Until 2024, this was the last time that the Celtics won 60 or more games.

==Key dates==
- June 26: The 2008 NBA draft took place in New York City.
- July 1: The free agency period started.
- October 8: The pre-season started with a game against the Philadelphia 76ers.
- October 28: The regular season started with a game against the Cleveland Cavaliers, which Boston won 90–85.
- December 11: Recorded the best season start in franchise history, starting at 21–2.
- December 23: Recorded the longest winning streak in franchise history at 19, and the best season start in NBA history with 27–2.

==Summary==

===NBA Draft 2008===

On June 26, the Celtics selected shooting guard J. R. Giddens with the 30th and center Semih Erden with the 60th overall picks in the 2008 NBA draft, and traded cash considerations in exchange for small forward Bill Walker, who had been selected by the Washington Wizards with the 47th overall pick. Giddens had worked out with the Celtics before the draft for three days, and received praises from head coach Doc Rivers, who thought he could fight for minutes on the team right away. He was already familiar with future teammates Leon Powe and Kendrick Perkins, who were his teammates at the 2003 McDonald's High School All-American Game. Walker was considered a lottery pick, but suffered the third knee injury in his career during a workout at the Golden State Warriors facility on June 15. However, he remained in the draft despite the injury, and was expected to have minor surgery in July that would keep him out for three to four weeks.
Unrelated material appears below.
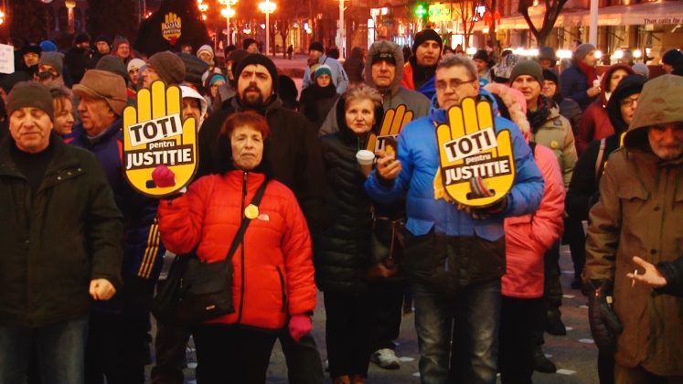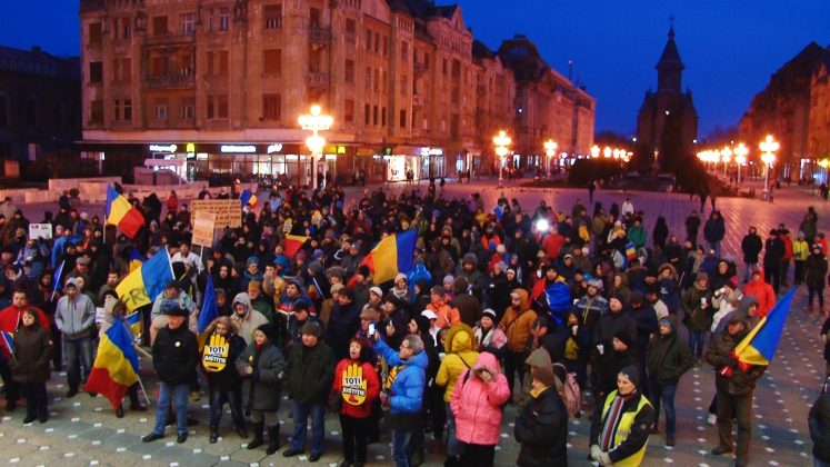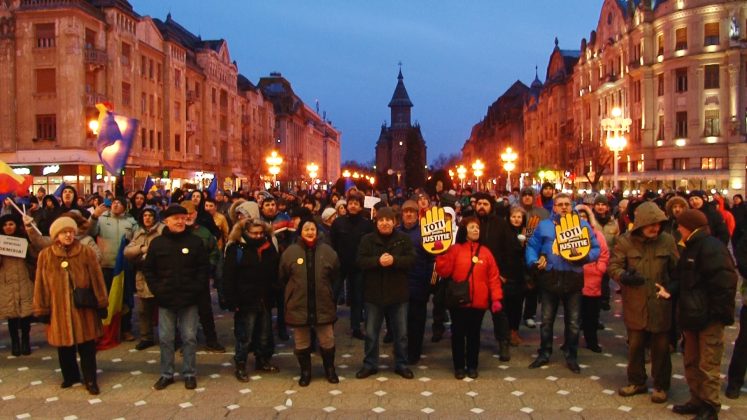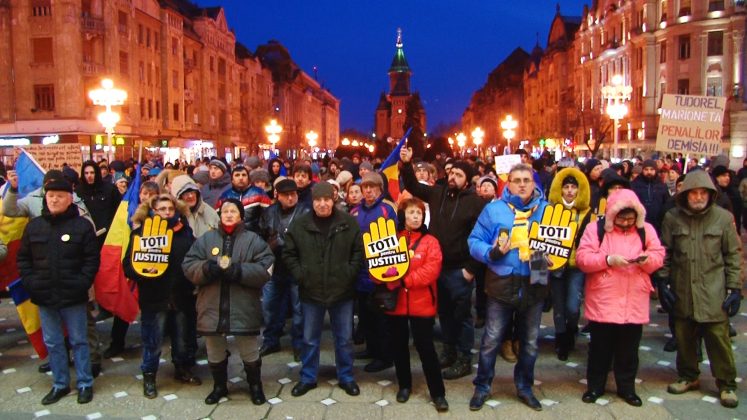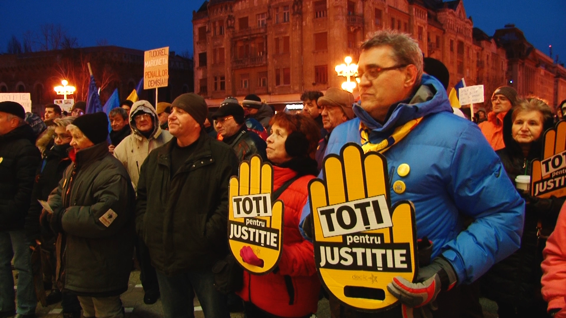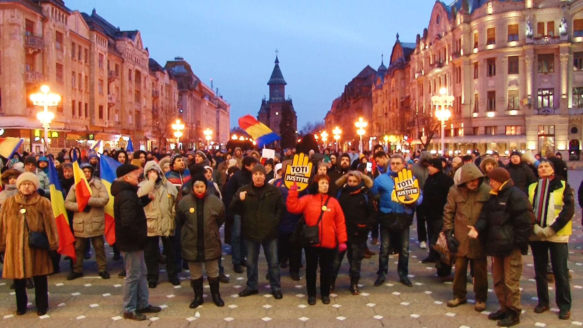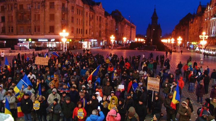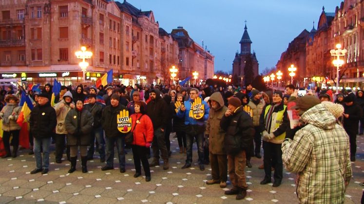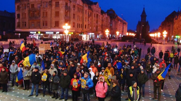 Update 3: Protestul de la Timișoara s-a încheiat.  Nu au fost incidente. Printre lozincile strigate în Piața Victoriei sau numarat: Tudorel, Tudorel pleacă în statul paralel; Justiție nu coruptie; Nu va fie frica, Dragnea pica; Afară,  afară corupția din tara; DNA suntem de partea ta; Noaptea hoți,  ziua mafioti

Erden was not expected to join the roster this season, and was seen by general manager Danny Ainge as their first-round pick in 2009.

===Free agency===
The Celtics headed into the off-season with several free agents and tried to gather a group to repeat as the NBA Champions, with a key decision on unrestricted free agent James Posey, who, in a widely anticipated move, opted out of the second and final year of his contract with the Celtics on June 30, but stated that he wanted to return to the Celtics on a new contract. P.J. Brown, who made key contributions during the 2008 NBA Playoffs, was leaning towards retirement, and the status of restricted free agent Tony Allen remained uncertain after the first-round selection of J. R. Giddens, who was seen as a possible replacement. Later it was revealed that the Celtics did not extend a qualifying offer to Allen, making him an unrestricted free agent. The Celtics also hoped to keep unrestricted free agent Eddie House, and decisions were to be made on unrestricted free agents Sam Cassell and Scot Pollard.

The Celtics were interested in small forward Corey Maggette as a replacement for James Posey, but Maggette signed with the Golden State Warriors on a much higher contract than the Celtics were able to offer, which added to the urgency to re-sign Posey. On July 11, the Celtics addressed their need for a backup center by signing Patrick O'Bryant to a 2-year, $3 million contract, after he had an impressive workout with the team a week earlier, and consequently ruled out the return of Scot Pollard and P.J. Brown. Eventually, James Posey signed with the New Orleans Hornets on July 16, since the Celtics were reluctant to offer him more than a three-year deal at the mid-level exception. Compensating for the loss of Posey, the Celtics re-signed Tony Allen to a 2-year, $5 million contract, and were also able to re-sign Eddie House to a 2-year, $5.6 million contract, using the mid-level exception only on House.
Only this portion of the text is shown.